In this example, we use the Flax, a library used for deep neural networks, to define a convolutional neural network (CNN). The, we integrate this CNN model into our RNN model which defined by BrainPy’s syntax.

Here, we first use flax to define a CNN network.

class CNN(nn.Module):
  """A CNN model implemented by using Flax."""

  @nn.compact
  def __call__(self, x):
    x = nn.Conv(features=32, kernel_size=(3, 3))(x)
    x = nn.relu(x)
    x = nn.avg_pool(x, window_shape=(2, 2), strides=(2, 2))
    x = nn.Conv(features=64, kernel_size=(3, 3))(x)
    x = nn.relu(x)
    x = nn.avg_pool(x, window_shape=(2, 2), strides=(2, 2))
    x = x.reshape((x.shape[0], -1))  # flatten
    x = nn.Dense(features=256)(x)
    x = nn.relu(x)
    return x

Then, we define an RNN model by using our BrainPy interface.
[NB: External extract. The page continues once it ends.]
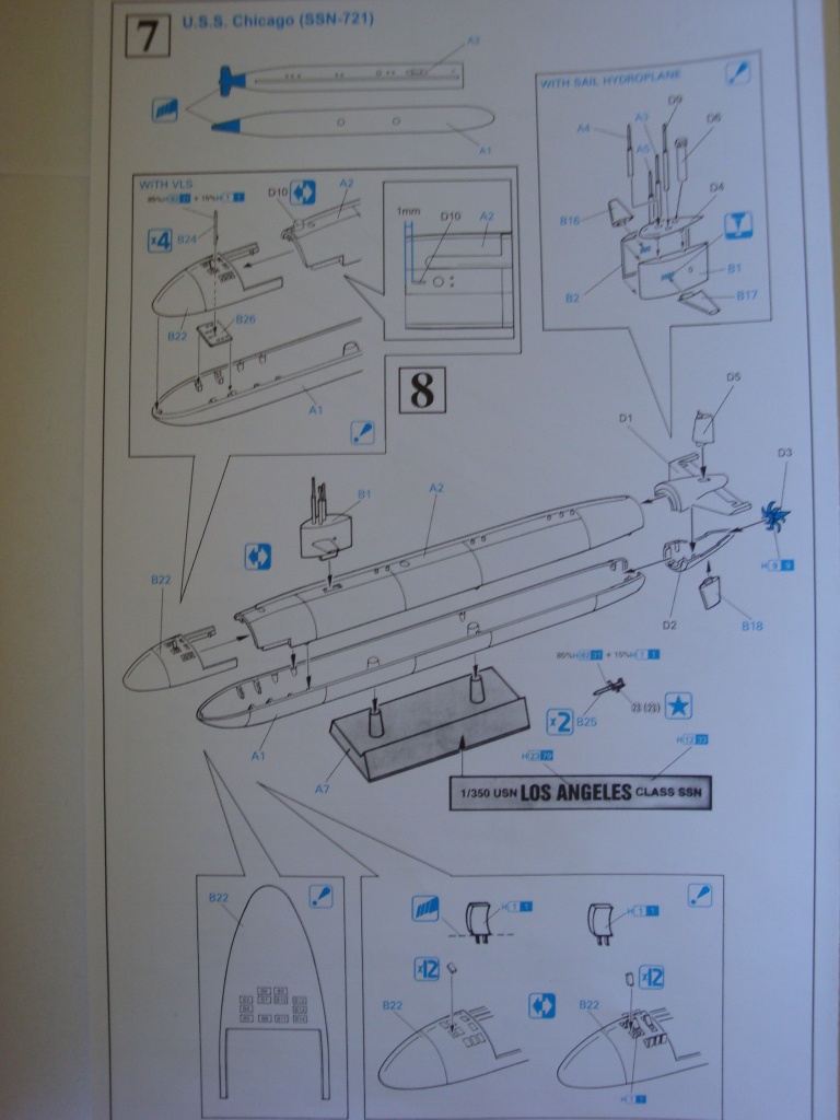 Упакованы модели в плотный картон, причём в отличии от многих современных моделей я был поражен тем что большая коробка и вправду была почти забита внутри кучей литников в отдельных пакетах ( у многих производителей подлодок в коробку от модели можно засунуть ещё как минимум одну модель, место позволяет). Инструкция выполнена в виде раскладывающегося листка, довольно внятная и с цветными картинками. Теперь к собственно пластику. Начнём с того что в коробке лежит продукция Dragon, точнее 2 их набора, которые можно приобрести и по отдельности. Сами лодки довольно старые, выпускаются давно, никакого травления нет (в то время когда производитель начал выпускать эти наборы траление ещё в моду видимо не вошло так как сейчас), однако многие мелочи приятно радуют и без этого. Например, кроме самих лодок в наборе так же присутствуют 2 вертолёта Sea Hawk, а в лодке класса "Огайо" весьма хорошая проработка ракетных шахт, 2 разных типа баллистических ракет (Trident 1 C-4 и Trident 2 D-5, каждой по две штуки, остальные шахты отлиты с иммитацией ракет, причём на все шахты даны "колпаки", не знаю правильного названия, вобщем специальные защитные крышки т.к. Trident запускаются из сухой шахты и пробивают эти самые колпаки, приятно что производитель подумал об этих мелочах ), производитель даёт возможность сделать открытые ТА и люки на палубе ПЛАРБ. В чертежи "Огайо" ещё не вгонял ввиду отсутствия хороших чертежей на неё, но на фото оригиналов модель похожа, винт правда вызывает сомнения, но фото винтов "Огайо" я не видел. Далее, вторая модель в наборе, АПЛ класса "Los Angeles" в модификации VLS. Удивительно, но, несмотря на возраст самого набора, он неплохо вписался в чертеж Дилетанта (правда на первую модификацию Лося), в наборе вобщем-то лежит именно первая модификация Лося, носовая и кормовая части даны отдельно (и слава Богу, потому что изначальная кормовая часть которая отлита с корпусом вообще неправильная), порадовало то что крышки ПУ ракет Томагавк можно сделать открытыми, более того, в наборе и сами ракеты имеются. Правда производитель ошибся, в крайнем ряду шахт по 2 с каждого борта, и по 4 в центральных двух рядах, а у производителя на модели идёт по 3 шахты в каждом ряду, кроме того сравнение с фото конкретно прототипа (USS Chicago) выявило отсутствие 4 шпигатов с обоих бортов рядом с крышками ПУ. Рубка (или парус, кому как больше нравится) лодки выходит немного длинее, где-то на 1 мм, что вобщем-то в глаза не бросается. Непонравилось то что рубка практически "чистая", можно было бы расшивкой показать всякие лючки и прочую мелочь. Это же касается и корпуса, на котором кроме ТА (неправильных) больше ничего и нет, хотя бы кингстоны можно было показать. Винт в наборе по давней традиции производителей моделей неправильный. Декали разместились в отдельном пакетике, порадовало изображение быка для носового обтекателя, данный рисунок имел место на USS Chicago в 1993 году и был нанесён во время промежуточной профилактики и ремонта в базе АПЛ в Сан Диего по случаю победы комманды Chicago Bull's в чемпионате NBA.

Note here, the Flax module is used as a module at one single step.

class Network(bp.DynamicalSystemNS):
  def __init__(self):
    super(Network, self).__init__()
    self.cnn = bp.dnn.FromFlax(
      CNN(), # the model
      bm.ones([1, 4, 28, 1])  # an example of the input used to initialize the model parameters
    )
    self.rnn = bp.dyn.GRUCell(256, 100)
    self.linear = bp.dnn.Dense(100, 10)

  def update(self, x):
    x = self.cnn(x)
    x = self.rnn(x)
    x = self.linear(x)
    return x

We initialize the network, optimizer, loss function, and BP trainer.

net = Network()
opt = bp.optim.Momentum(0.1)
WARNING:absl:No GPU/TPU found, falling back to CPU. (Set TF_CPP_MIN_LOG_LEVEL=0 and rerun for more info.)

We get the MNIST dataset.

data = bd.vision.MNIST(r'D:\data', download=True)
data.data = data.data.reshape(-1, 7, 4, 28, 1) / 255


def get_data(batch_size):
  key = bm.random.split_key()
  data.data = bm.random.permutation(data.data, key=key)
  data.targets = bm.random.permutation(data.targets, key=key)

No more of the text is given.